2. Appointment as Audit Chair. You will be appointed as the Audit Chair, which appointment will be effective as of the date of the Board resolutions appointing you to serve as the Audit Chair and for the period so long as you are appointed to serve as such capacity by the Board.
3. Compensation.
a. You will be paid a fixed fee of US$45,000 per fiscal year, as compensation for services performed as a member of the Board and an additional fixed fee of US$15,000 per fiscal year, as compensation for services performed as the Audit Chair. Such compensation shall be payable in equal quarterly installments, payable in arrears on the last day of each fiscal quarter in which the service occurred (beginning with the fiscal quarter during which your Board service commences), and prorated for any partial quarters served. Such compensation shall be subject to review from time to time at the discretion of the Board, including in connection with the Company’s preparation for its initial public offering.
1
b. In addition, subject to approval by the Board, you will be granted an initial nonstatutory option to purchase 80,000 ordinary shares of the Company (the “Option”). The Option will be governed by a separate option agreement and the Amended and Restated ShouTi Inc. 2019 Equity Incentive Plan, as may be amended (the “Plan”). The exercise price per share will be equal to the fair market value per share of the Company’s ordinary shares on the grant date of the Option, as determined by the Board. As more fully set forth in your option agreement and the Plan, one-third (1/3rd) of the ordinary shares subject to the Option will vest one (1) year after the vesting commencement date, with the balance of the ordinary shares subject to such Option vesting in a series of twenty-four (24) successive equal monthly installments subject to your continued service to the Company.
4. Confidentiality.
a. In your capacity as a director of the Company and/or a member of any committee of the Board (if applicable), you will be expected not to use or disclose any confidential information, including, but not limited to, trade secrets of any current and/or former employer or other person or entity to whom you have an obligation of confidentiality. Rather, you will be expected to use only information that is generally known and used by persons with training and experience comparable to your own, that is common knowledge in the industry or otherwise legally in the public domain, or that is otherwise provided or developed by the Company.
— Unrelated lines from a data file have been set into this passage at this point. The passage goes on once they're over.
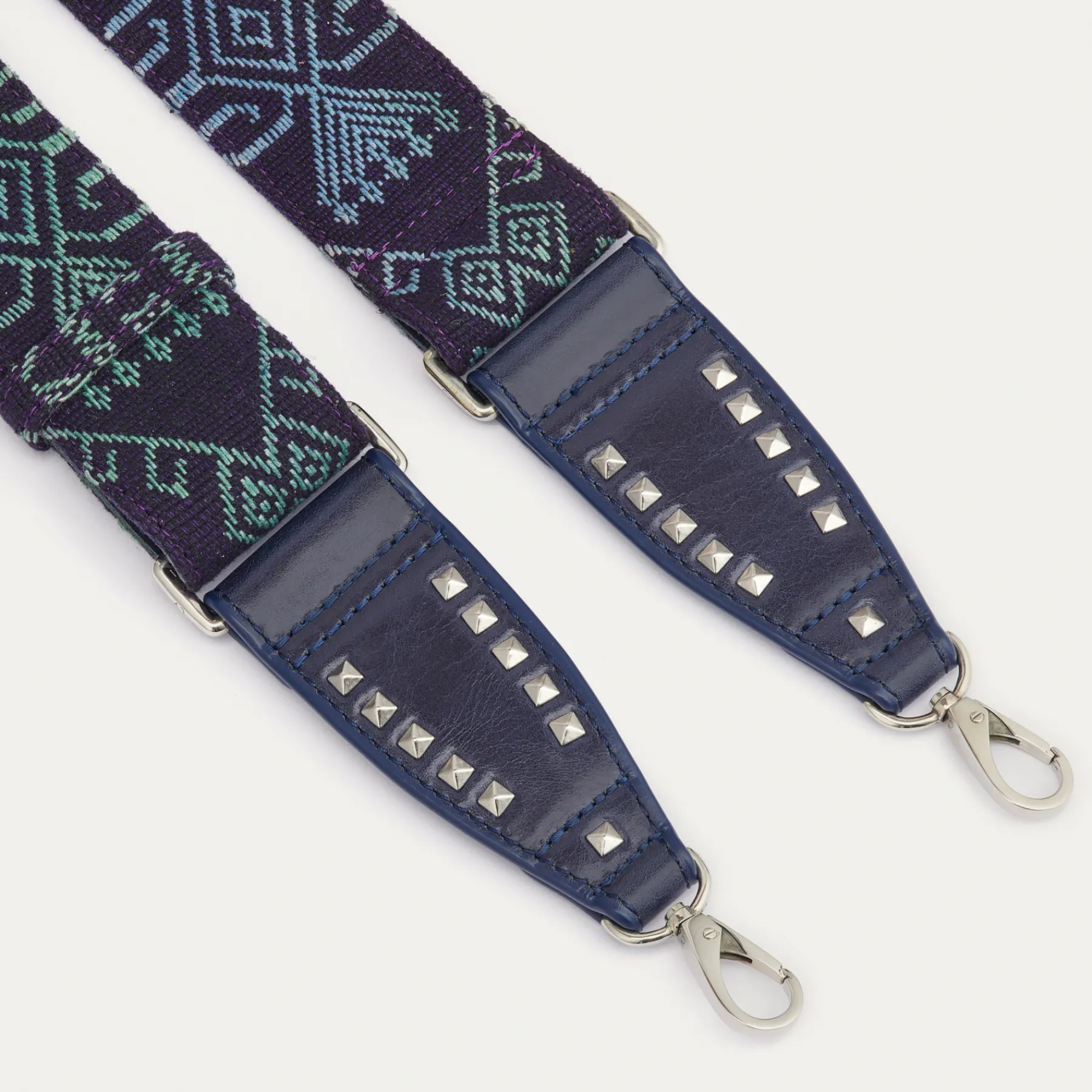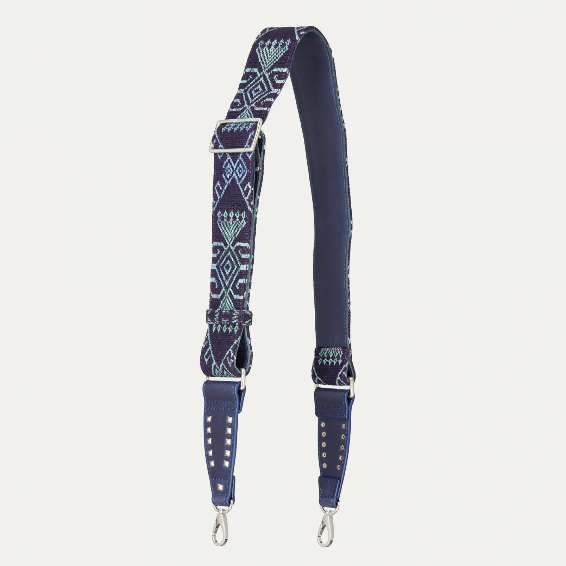 Bandoulière faite à la main en tissu Endek Indigo par les artisans de l’Ile Timor avec crochets, pour donner un nouveau look à vos sacs avec bandoulière amovible.
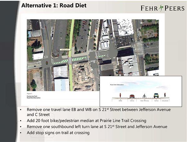 Alternative 1: Road Diet – This option would shrink 21st Street, removing one lane of travel in the block between Jefferson and C Street. A bike/pedestrian crossing would be added to allow the Prairie Line Trail to continue straight across 21st without diversion.
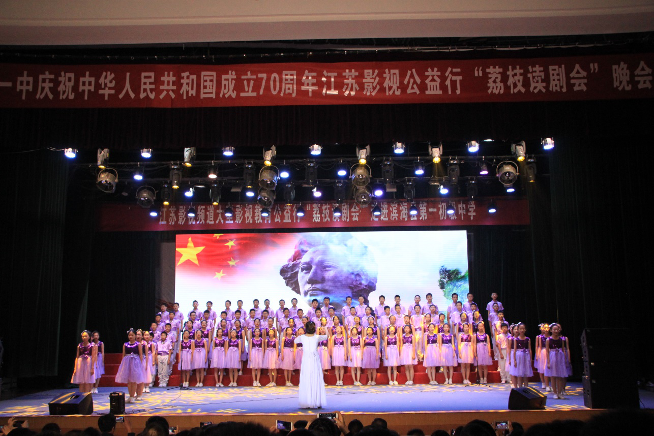 荔枝读剧会,影视来相会。9月29日,江苏影视频道大型影视教育公益行“荔枝读剧会”走进盐城滨海县第一初级中学。在庆祝新中国成立70周年之际,影视频道与该校的全体师生一起,饱含深情地唱响与祖国“同呼吸、共命运”的动人旋律。双方携手共建“江苏影视教育滨海县第一初级中学基地”,让影视教育走进中小学,传播中国优秀传统文化,弘扬社会主义核心价值观,不断提高学生的综合素质。本次活动通过江苏影视频道微信公众号全程直播。
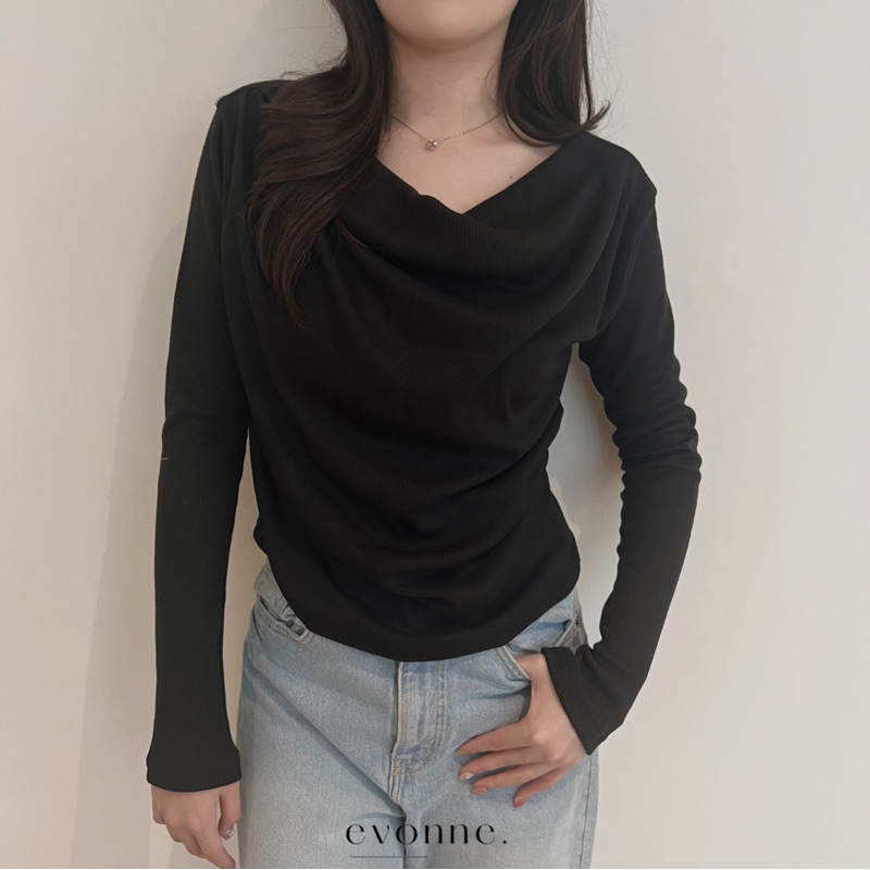 EVONNE WonYoung Top - Atasan Wanita Long Sleeve - Baju Lengan Panjang Wanita Knit Top Blouse E-304
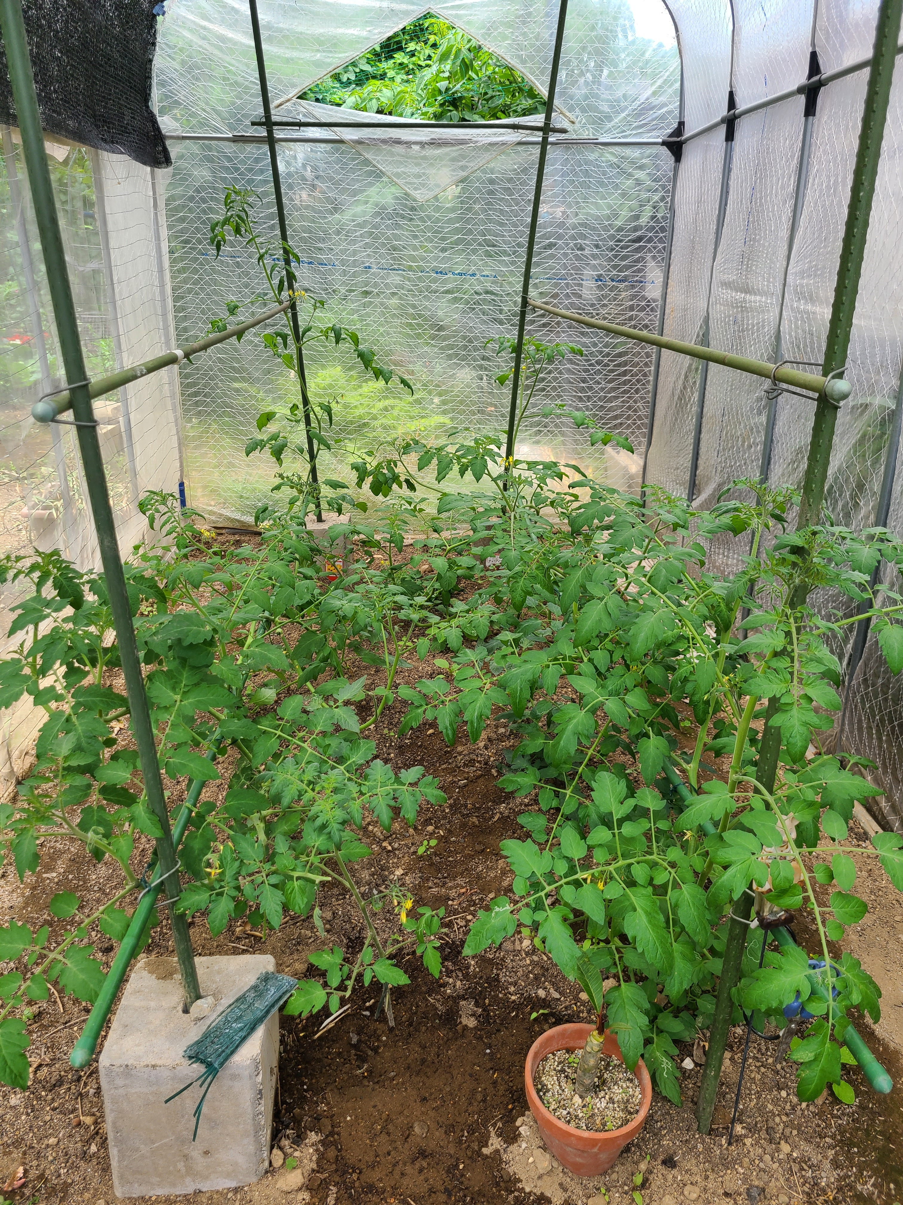 トップ > その他 > グッドアイデア賞 あけ 2023/05/31 23:30 グッドアイデア賞 去年から、ビニールハウスでミニトマトを作ってます。 支柱の横棒3~4段に伸びた枝を這わせていきます。 下の方が収穫済になったら、枝を下げて行き、だいぶ収穫できましたので、再チャレンジです。 いいね 共有する 共有する X LINE リンクをコピー コメントする 0 件の返信 (新着順)

b. In addition, during the term of your services as a director and/or a member of any committee of the Board (if applicable) and after termination of such services, you will not disclose any Company confidential proprietary information, or any information of a third party provided to you by the Company, which includes but is not limited to, all non-public tangible and intangible manifestations regarding patents, copyrights, trademarks, trade secrets, technology, inventions, works of authorship, business plans, data or any other confidential knowledge without the prior written consent of the Company.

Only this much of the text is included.